WTL Tasks NCC on Use of Excess Spectrum for Rural Coverage

8 February 2019


World Telecom Labs (WTL), a global telecommunication equipment vendor has urged the Nigerian Communications Commission (NCC) to enforce the use of excess spectrum by telecom networks in rural areas to increase connectivity.

WTL urged the NCC to incentivise operators to use their unused spectrum for new shared networks in rural Nigeria where there is little or no coverage at the moment.

These networks would be built by a neutral service provider and used by existing operators.

With more than 12 years’ experience working with operators of all sizes across Nigeria, World Telecom Labs has helped to build Nigeria’s telecoms infrastructure.

However, it said it was disappointed to read the GSMA estimates of mobile penetration in Nigeria of 49 per cent rising to 55 per cent by 2025, whilst only four per cent have 4G mobile broadband growing to 17 per cent by 2025.

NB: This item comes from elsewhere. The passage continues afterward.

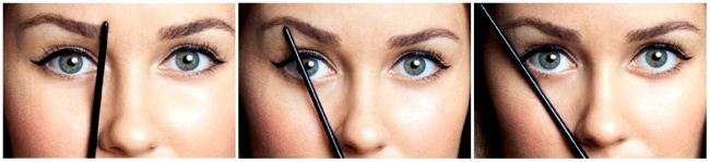 To identify the three points that you will need to look at when shaping your eyebrow, use the ’pencil’ method. Place a pencil in a straight line along the side of your nose — this is going to be the beginning (inside) of the brow. Next, place the pencil along your nose and across your pupil. This will be the arch and the highest part of your brow. Now move the pencil so that the end of your nostril and the outer edge of your eye are in line — this is the end of your brow.

According to the GSMA, the total amount of spectrum assigned to mobile in Nigeria is 470MHz, far in excess of the sub Saharan Africa (SSA) average of 268 MHz.

“Some inefficiencies may exist in the utilisation of spectrum, as around a quarter of the spectrum assigned to mobile is being used by a few service providers that jointly account for less than two per cent of the mobile market,” said GSMA.

Leigh Smith, managing director of WTL, said, “Plenty of spectrum has been allocated but unfortunately a lot of it is being wasted because it is lying fallow in the hands of small and inactive license holders. I would encourage the NCC to adopt a “use it or lose it” approach. Our vision enables neutral third party networks to be deployed where mobile network operators (MNOs) refuse to go, this would increase the overall footprint.”

WTL said allocating the Universal Service Provision Fund (USPF) money to the capital expenditure (CAPEX) cost of such networks would reduce the risk. National roaming and infrastructure sharing would enable people to use the network of other service providers in Nigeria where their own service provider does not have a network or has limited network coverage.

In effect, operators share their infrastructure thus eliminating the need to lay duplicate infrastructures in areas where this is not commercially feasible. WTL said it was already working with wholesale operators in five countries in Africa to build rural networks and, with infrastructure sharing being widely considered across the continent.

The company firmly believes that the removal of the Capex cost of building a rural network would encourage previously reluctant operators to start offering services in these areas. It also believes that infrastructure sharing would be of great benefit to Nigerians with increased coverage, improved service levels and competition driving down costs.